Drawings on newspaper
Group Exhibition - Listen to the Sound of the Earth Turning: Our Wellbeing since the Pandemic- / 2022 /
Mori Art Museum, Tokyo, Japan
"This reminds me of the blacked-out textbooks of the postwar period. But your blackout is so beautiful. It's like I can see a new story."
These were the words of an elderly man who came to see my exhibition.
At the time, the issue of falsification of official documents was a major social problem in Japan, and images of blacked-out official documents were featured in various media every day. I wondered what he thought, now that more than 70 years had passed and he was seeing the blacked-out image in a different form. And at the same time, I felt as if I saw 70 years of time through him. He seemed like a vessel of time.
This episode reveals the core of my work. First of all, I would like to talk about the act of "erasing". When I imagined the situation of invisibility, two images came to mind: one was how to make an image invisible by turning off the lights, for example, and the other was how to make it invisible by shining a blindingly excessive amount of light on it. If the former represents a simple act of deletion, such as a cover-up by those in power, the latter may represent a problem, such as fake news caused by a society with too much information.

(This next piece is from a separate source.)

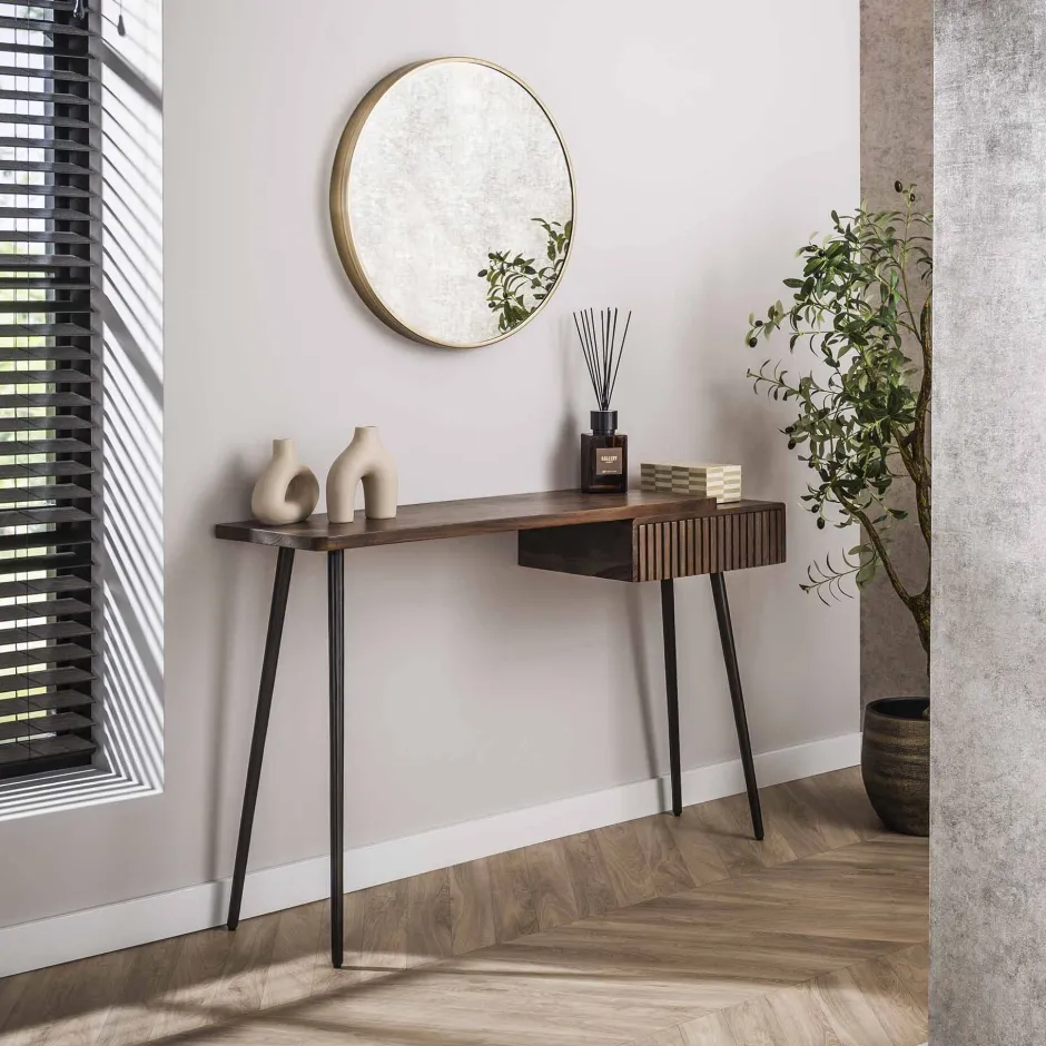Het metalen onderstel in een bronzen tint geeft de tafel een elegant en stoer accent en vormt een mooi contrast met het hout. Dankzij het veelzijdige ontwerp kun je deze tafel op verschillende plekken gebruiken: als sidetable in de hal, als kaptafel in de slaapkamer of als subtiele plek voor accessoires in de woonkamer. De praktische lade biedt daarnaast ruimte voor kleine spullen die je graag netjes uit het zicht opbergt.

But for me, the act of erasing was a fresh experience, like being freed from something. What emerged from this sensation, apart from social issues such as the concealment of facts, was a larger theme: the conflict between the individual's sense of time and the flow of time in society, as symbolised by the story with the old man. In his mind, the memory of post-war textbooks is still vivid. People remember events, especially those deeply related to their personal identity and life, as if they happened yesterday, and they live with the past in the present. On the other hand, the state of time in modern society is a one-way flow of past, present and future. We are living in the midst of this flow, and it is only getting faster. I felt that this is what is making life difficult and suffocating for individuals.
I erase newspaper articles slowly as if chewing them over. As I read, I carefully select words and images and erase them as if to shine a small light on them. Basically, the information in a single article is not a great amount. But it is an act of gazing at it slowly over time. This may run counter to the world's movement towards information. I imagine how the few words and images that remain will echo past and future drawings and weave a new story. I draw while imagining such a long and endless time. It seems to me to be an act of stepping up to prevent something from pushing me away, or bringing time back toward me.
I want to create a world where the timelines are disjointed and those times mix and float. Then, unfortunately, I see the same issues for humanity now as in the past.